“I’ll be ridin’ out at first light. I need to see the damage for meself,” he continued.
She seemed to hesitate. “And me?”
Rowan went still. “What of ye?”
“What do ye expect me to do while ye’re gone?”
The question hung heavily between them.
He had not considered it before. The keep would run as it always had. Morag would manage the household, the men would care for the land, and Sorcha…
What do I expect her to do?
The answer came too quickly.
Nothing.
And that was a failing he found hard to ignore.
He exhaled slowly, forcing himself to retreat even as something primal urged him closer.
The way Sorcha held his gaze made his blood run hotter than it had any right to. He didn’t trust himself to stay near her, not when the pull in his chest was so sharp.
CHAPTER EIGHTEEN
Sorcha held his gaze as the silence stretched between them. She was surprised that his usual unreadable expression was now one of hesitation.
“Elspeth,” he said at last. “She’ll be lookin’ for me when I’m gone.”
Of course. What else would he say? That I’d ride with him? That I have a place beside him?
She sighed at her foolish thoughts.
“Stay with her,” he continued, more deliberate now. “See that she’s nae left to run wild through the keep. Morag will have enough to manage as it is.”
“Ye’ve nothin’ to worry about,” she replied. “She’ll be cared for.”
She shouldn’t have expected anything more from him, but her heart sank all the same.
He didn’t say another word as he crossed to the table, his attention now focused on the maps spread across it.
For several seconds, she waited, half believing he might say something more. Something that belonged to them as husband and wife, rather than Laird and subject. But nothing came. Instead, he just stared at her in a way that made her skin prickle.

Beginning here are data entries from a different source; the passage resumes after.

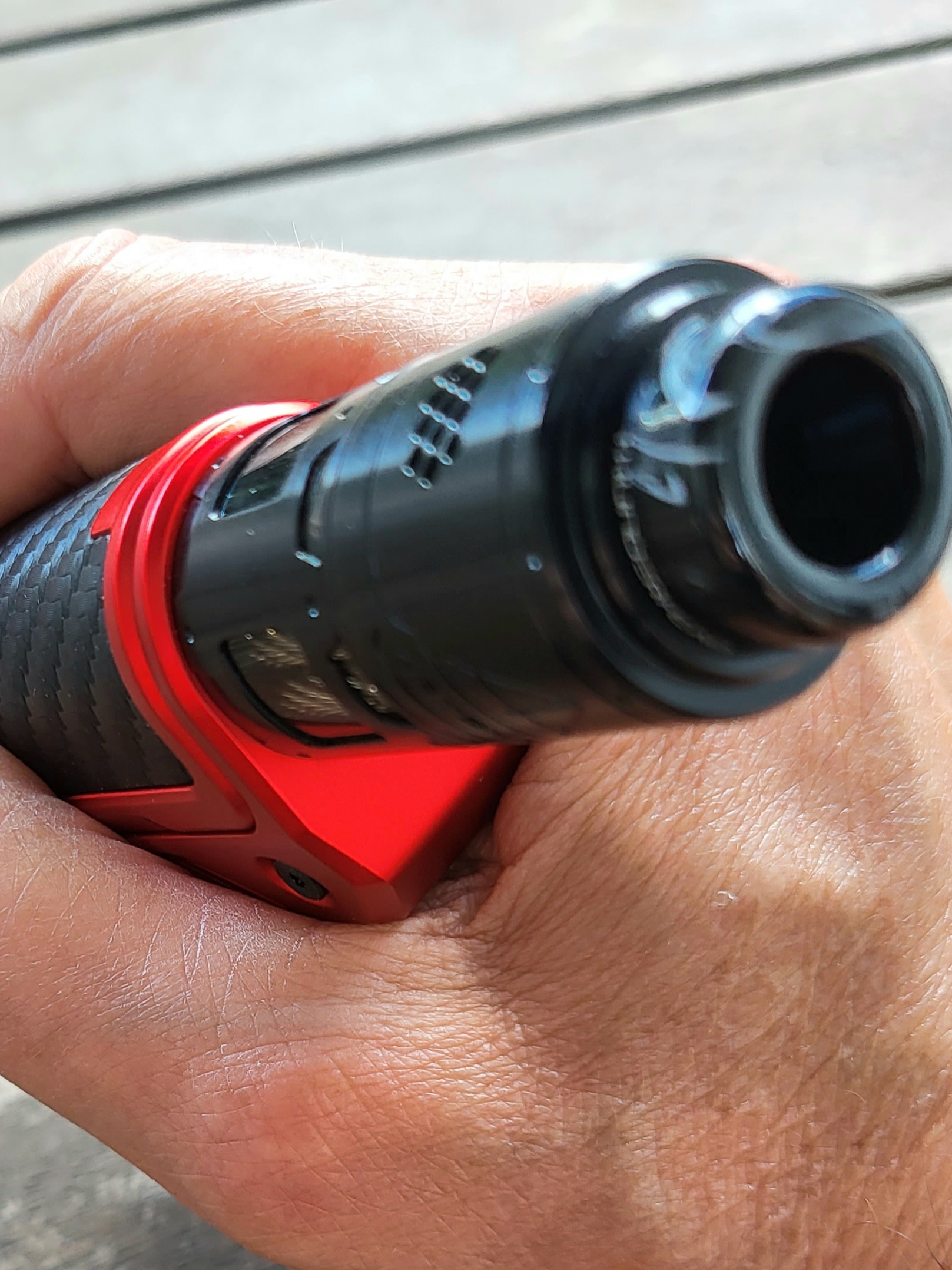 Verdampfer mit 28mm kann man natürlich drauf schrauben, dass sähe aber albern aus. Für mich passt am besten der Artemis mit rund 24mm, der Helheim mit rund 25mm geht aber auch noch. Das kommt daher weil die Kanten abgerundet sind.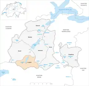 Le territoire de Lungern s'étend sur 46,51 km2[2]. Lors du relevé de 2013-2018, les surfaces d'habitations et d'infrastructures représentaient 3,8 % de sa superficie, les surfaces agricoles 39,5 %, les surfaces boisées 42,2 % et les surfaces improductives 14,5 %[3]. Lungern est limitrophe de Kerns, Giswil et Sachseln.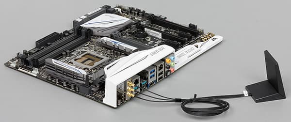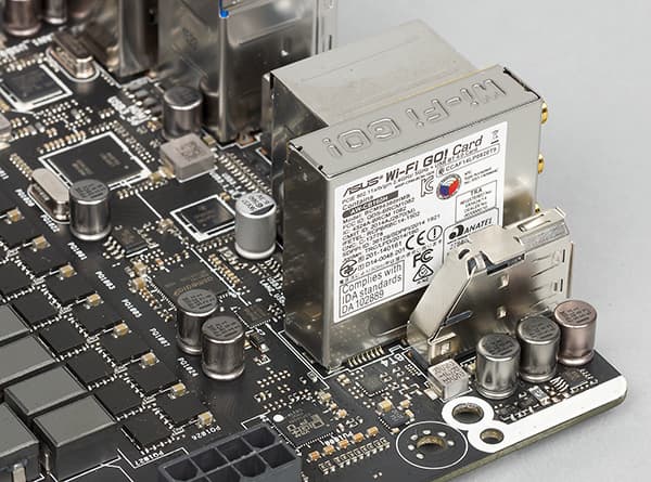 Также плата снабжена интегрированным двухдиапазонным (2,4 и 5 ГГц) модулем Asus WiFi Go! (Wi-Fi + Bluetooth 4.0). Модуль является трехантенным и поддерживает стандарты 802.11a/b/g/n/ac, а максимальная скорость передачи составляет 1300 Мбит/с (для стандарта 802.11ac). Судя по маркировке, этот модуль сделан на базе контроллера Broadcom BCM94360.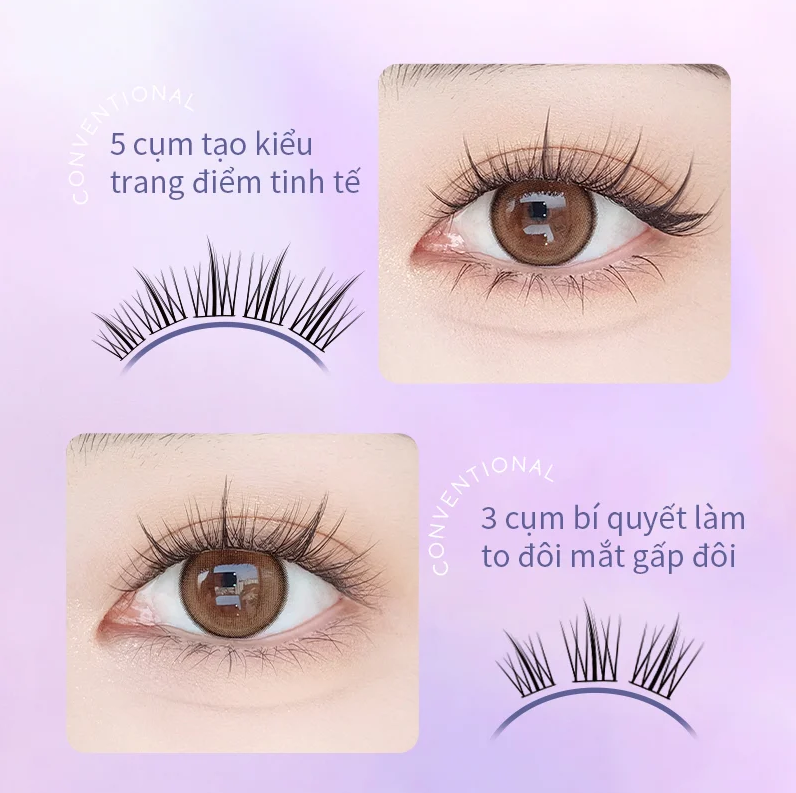 - Lông mi được thiết kế với sợi lông mi dày và dài, tạo nên một hiệu ứng rất ấn tượng. Với hình dạng cong và vòng cung đặc biệt, bộ lông mi giả Mặt Trời và Sao làm cho đôi mắt bạn trở nên cuốn hút và quyến rũ

She sighed with indignation, walking toward the door.
It would have been easy to leave. To step out and return to the safety of distance, to let the night pass as the others had. That would have been the wiser choice. But her hand refused to pull the door open, her knuckles white from her grip.
The past days pressed in all at once. The waiting. The silence. The words he had spoken and left unanswered. The way he came close only to withdraw again, as though he were testing her.

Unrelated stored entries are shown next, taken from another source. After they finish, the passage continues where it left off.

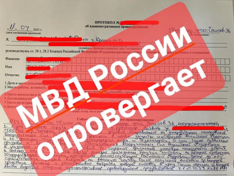 В полиции опровергли информацию о том, что жителя Краснодара оштрафовали за выброшенную в мусорку листовку с рекламой военной службы по контракту. Соответствующий протокол, якобы составленный на мужчину, распространяется по социальным сетям. На фотографии можно прочитать, что в действиях некоего Бондарева усмотрели дискредитацию ВС РФ.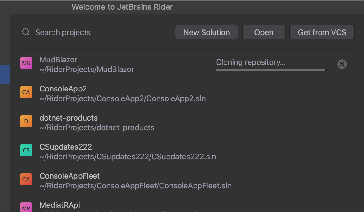 我们更新了 Rider 欢迎屏幕上 Cloning repository(正在克隆仓库)进度条的显示。 它现在直接显示在 Projects(项目)列表中,更清晰、更易用。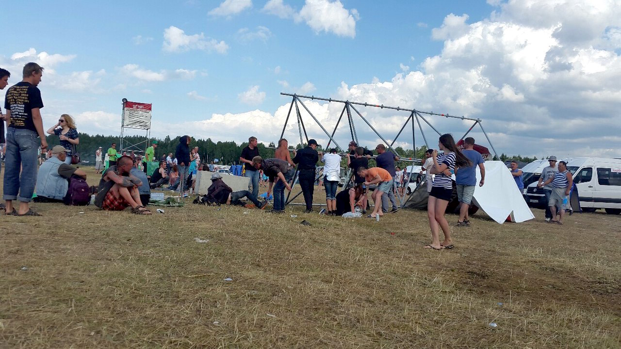 На место сбежались оперативники, которых там было немало (технически инцидент произошел за пределами «Нашествия» - у входа, возле касс и стойки, где продавались билеты на электрички, но там также дежурили полицейские, частная охрана и ОМОН, обеспечивающие порядок), сразу же подъехала скорая. Пострадавшая от госпитализации отказалась, хотя очевидно чувствовала себя нехорошо. Уже через несколько минут работники фестиваля начали разбирать вышку.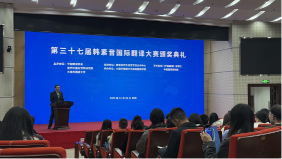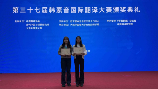(通讯员:张美玲)2025年11月22日,第三十七届韩素音国际翻译大赛颁奖典礼在北京举行。太阳成官网朝鲜语笔译专业学子表现卓越,斩获佳绩。2024级朝鲜语笔译专业Kim Goeun(金高恩)获汉译朝一等奖,张美玲获朝译汉优秀奖。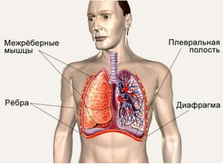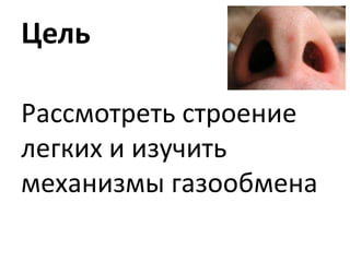 Документ посвящён строению легких и механизмам газообмена. Описание включает анатомию легких, их покрывающих оболочек, а также функционирование альвеол и бронхиального дерева. Важное внимание уделяется процессу диффузии газов, необходимому для дыхания.

“It has been three days,” she said, still facing the door. The strain in her voice was obvious. “Three days of words spoken and nae kept, of ye nae wantin’ me in yer bed.”
Steadying herself as best as she could, she continued to speak, but she could not bring herself to face him.

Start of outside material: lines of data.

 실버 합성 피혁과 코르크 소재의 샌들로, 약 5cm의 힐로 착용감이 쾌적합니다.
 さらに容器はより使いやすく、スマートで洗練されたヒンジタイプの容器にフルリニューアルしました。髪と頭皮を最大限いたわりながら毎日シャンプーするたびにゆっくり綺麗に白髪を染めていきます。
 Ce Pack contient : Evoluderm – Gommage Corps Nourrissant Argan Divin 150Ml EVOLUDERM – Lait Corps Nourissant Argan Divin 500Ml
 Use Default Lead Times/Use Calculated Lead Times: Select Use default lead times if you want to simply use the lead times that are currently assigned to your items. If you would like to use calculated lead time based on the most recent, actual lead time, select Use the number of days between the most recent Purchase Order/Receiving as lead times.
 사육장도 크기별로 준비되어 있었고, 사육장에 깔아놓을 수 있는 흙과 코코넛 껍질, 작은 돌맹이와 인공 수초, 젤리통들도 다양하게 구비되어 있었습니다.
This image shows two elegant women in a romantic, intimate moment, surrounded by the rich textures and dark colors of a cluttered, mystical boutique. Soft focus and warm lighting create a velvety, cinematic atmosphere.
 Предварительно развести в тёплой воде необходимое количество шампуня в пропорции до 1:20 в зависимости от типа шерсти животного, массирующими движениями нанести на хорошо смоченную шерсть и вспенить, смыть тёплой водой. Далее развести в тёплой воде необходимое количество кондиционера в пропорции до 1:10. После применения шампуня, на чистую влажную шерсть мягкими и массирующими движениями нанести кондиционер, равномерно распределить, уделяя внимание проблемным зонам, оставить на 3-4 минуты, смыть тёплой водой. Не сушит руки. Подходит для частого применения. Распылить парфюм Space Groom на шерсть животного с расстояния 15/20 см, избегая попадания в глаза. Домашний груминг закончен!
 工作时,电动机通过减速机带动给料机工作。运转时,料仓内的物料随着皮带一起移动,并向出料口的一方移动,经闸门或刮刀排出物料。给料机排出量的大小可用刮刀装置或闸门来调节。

“I ken what yer duties are. I ken what it means to carry them. But I willnae be treated as though I am to stand idle and wait for ye without so much as a word. If ye shut me out completely, the servants will start to talk. Yer council will start to talk. And their whispers will soon turn into doubts about the strength of this marriage… and the strength of this alliance.”
Her words were met with silence. He did not interrupt or correct her. It settled over her like confirmation, one that sat heavy in her chest.
Her thoughts turned inward before she could stop them, bitter and unforgiving.